“Death is always on the way, but the fact that you don’t know when it will arrive seems to take away from the finiteness of life. It’s that terrible precision that we hate so much. But because we don’t know, we get to think of life as an inexhaustible well. Yet everything happens a certain number of times, and a very small number, really. How many more times will you remember a certain afternoon of your childhood, some afternoon that’s so deeply a part of your being that you can’t even conceive of your life without it? Perhaps four or five times more. Perhaps not even. How many more times will you watch the full moon rise? Perhaps twenty. And yet it all seems limitless.”
~Paul Bowles, passage taken from ‘The Sheltering Sky’
When I took this photo back in late October, I distinctly remember that autumn had departed suddenly. Almost in an instant, gone were the red leaves and gossamer. The magnificent golden strands of light which occur only for a few weeks prior to the winter solstice were now but a faded memory. And winter, that wretched season of a single color, was being ushered in by a sly north wind moving purposefully through the switchgrass.
Standing in the light of the last full moon of autumn, I guess I honestly expected to feel a sense of sadness; saying goodbye to autumn has never been easy.
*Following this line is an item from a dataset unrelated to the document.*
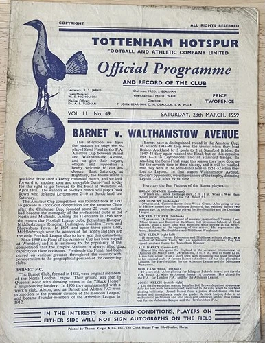 1959 FA Amateur Cup Semi-Final Replay BARNET v WALTHAMSTOW AVENUE @ TOTTENHAM
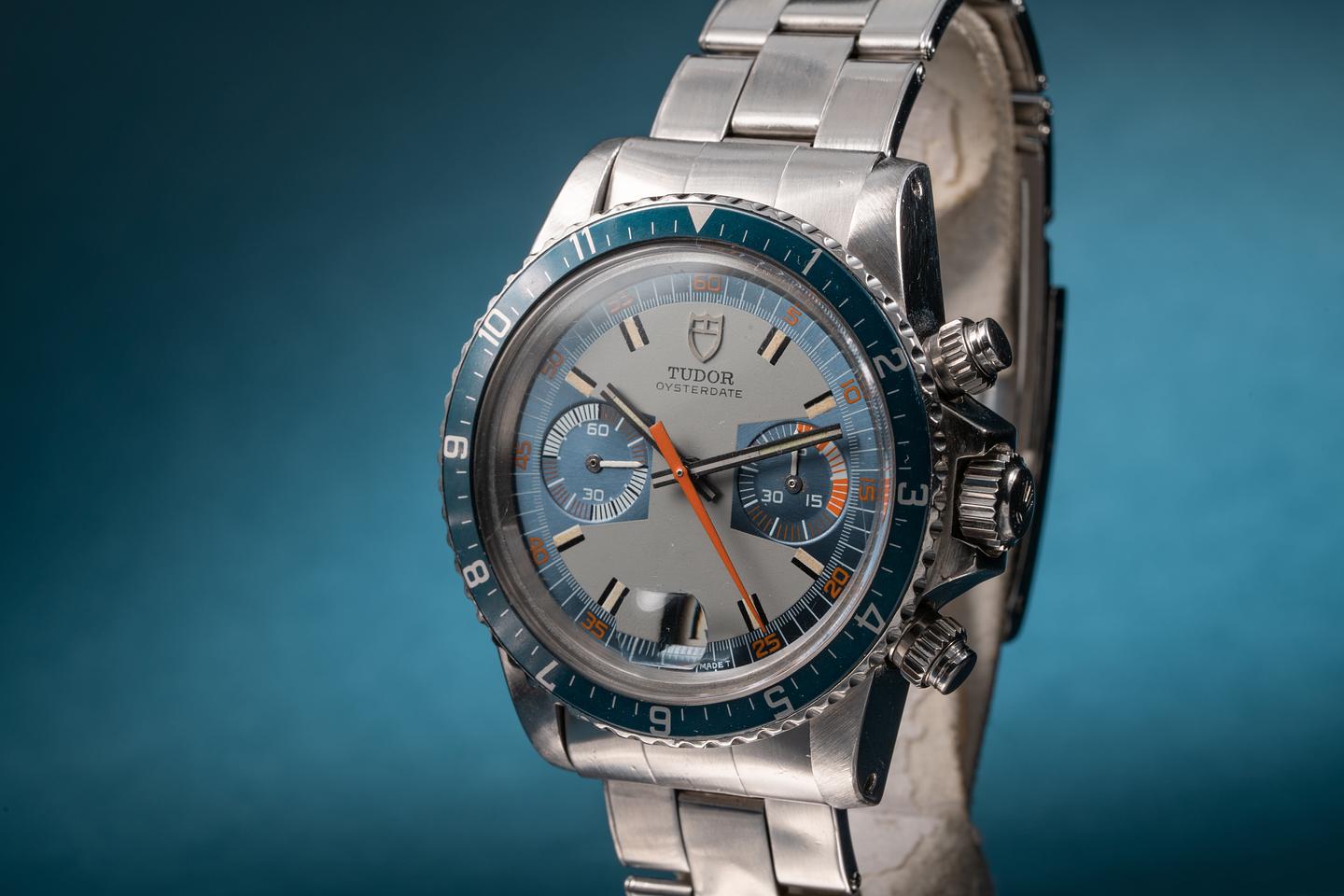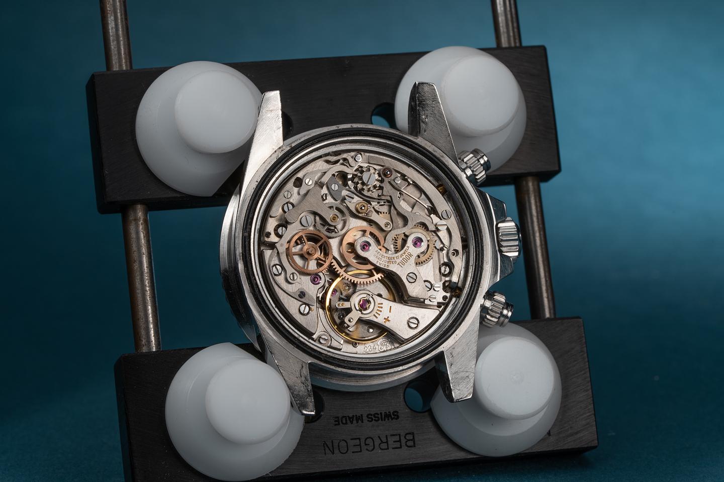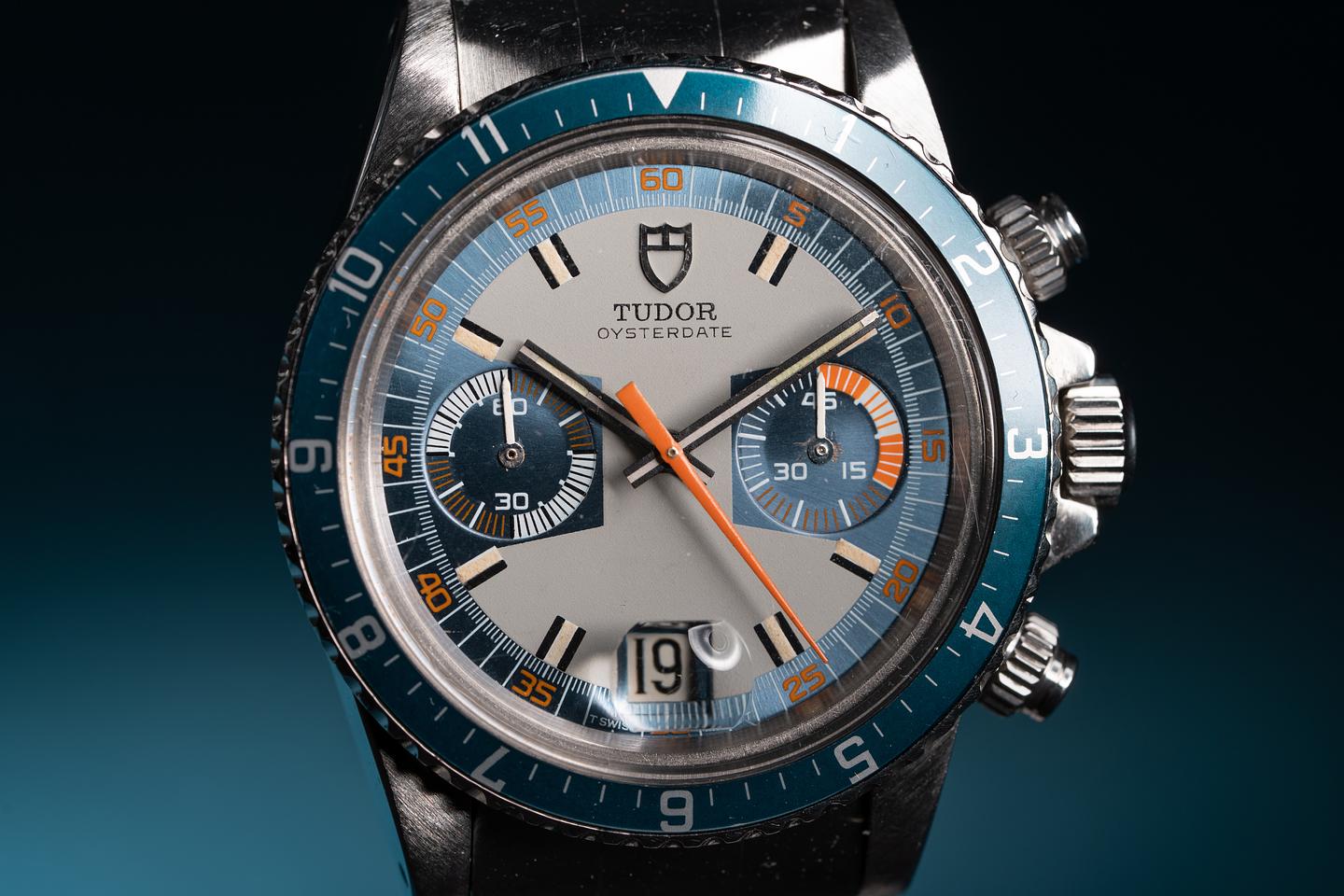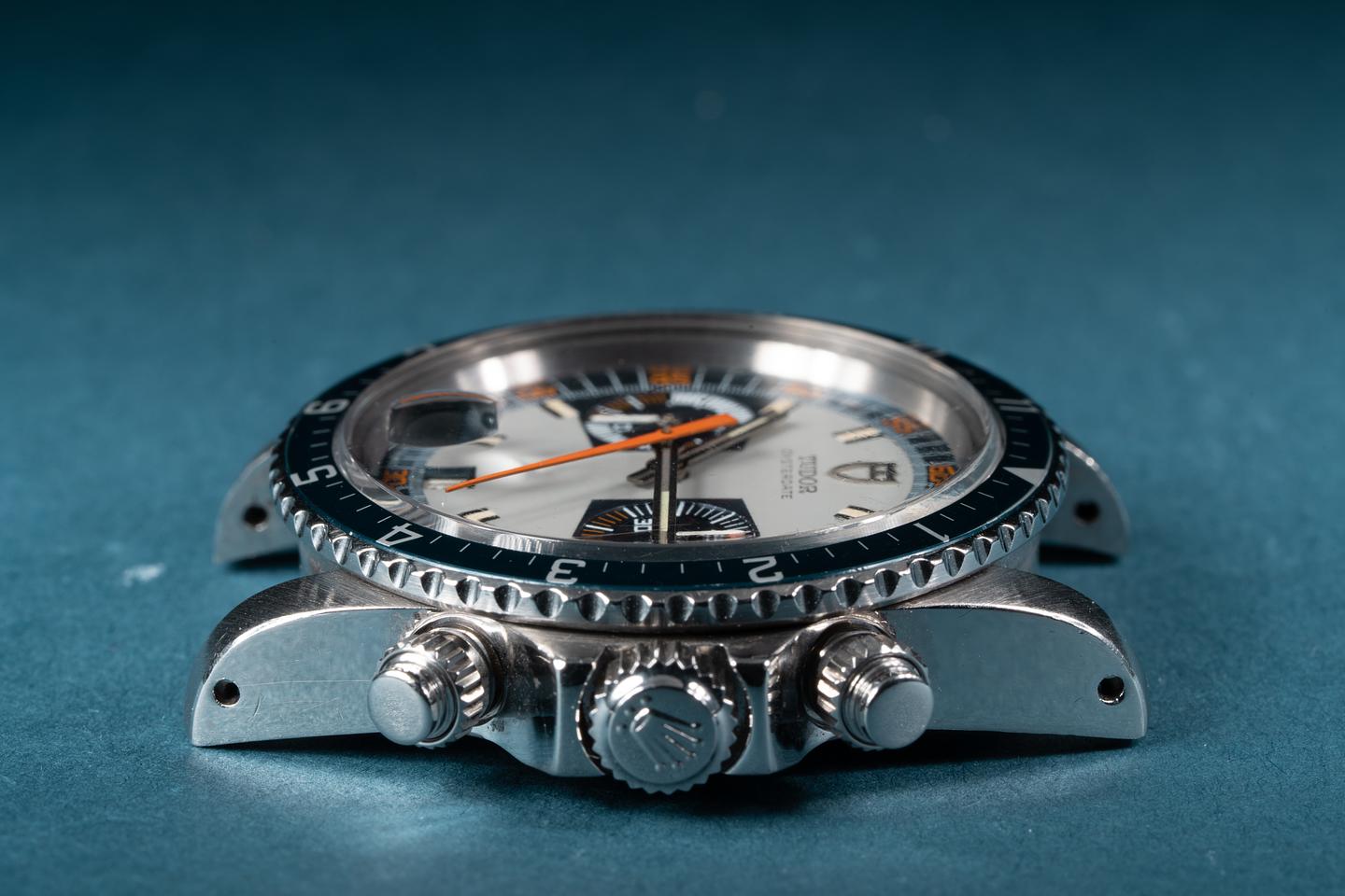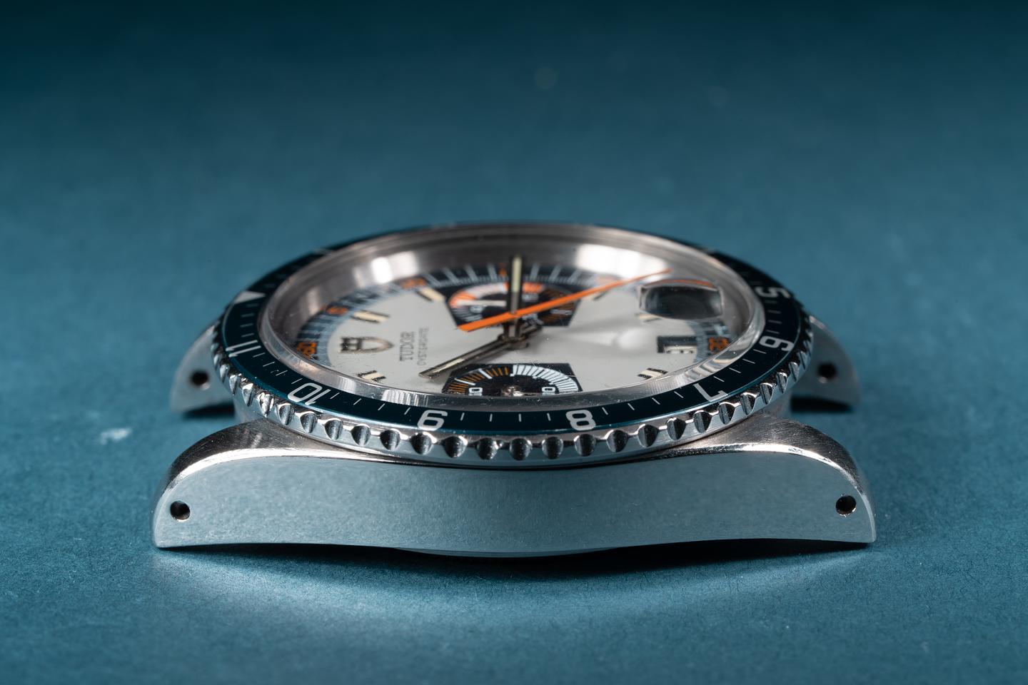 Dial: The matte grey and blue dial is excellent and shows light wear overall. There are some tooling marks present around the centerpost of the right sub-dial hand. The lume has aged to a creamy hue and the hands have aged to a light sage hue.

But what I didn’t expect to experience on this night was the profound sense of the brevity of this existence. With the realization that more autumns are behind than lie ahead, there stirs in my heart a quiet–and very real–pain.
How could I have squandered so many sunsets? How many times have I neglected the turning of the leaves? How many times have I lounged beneath the covers as the sunrise set ablaze the morning sky?
And how many more opportunities will I have to watch the full moon rise?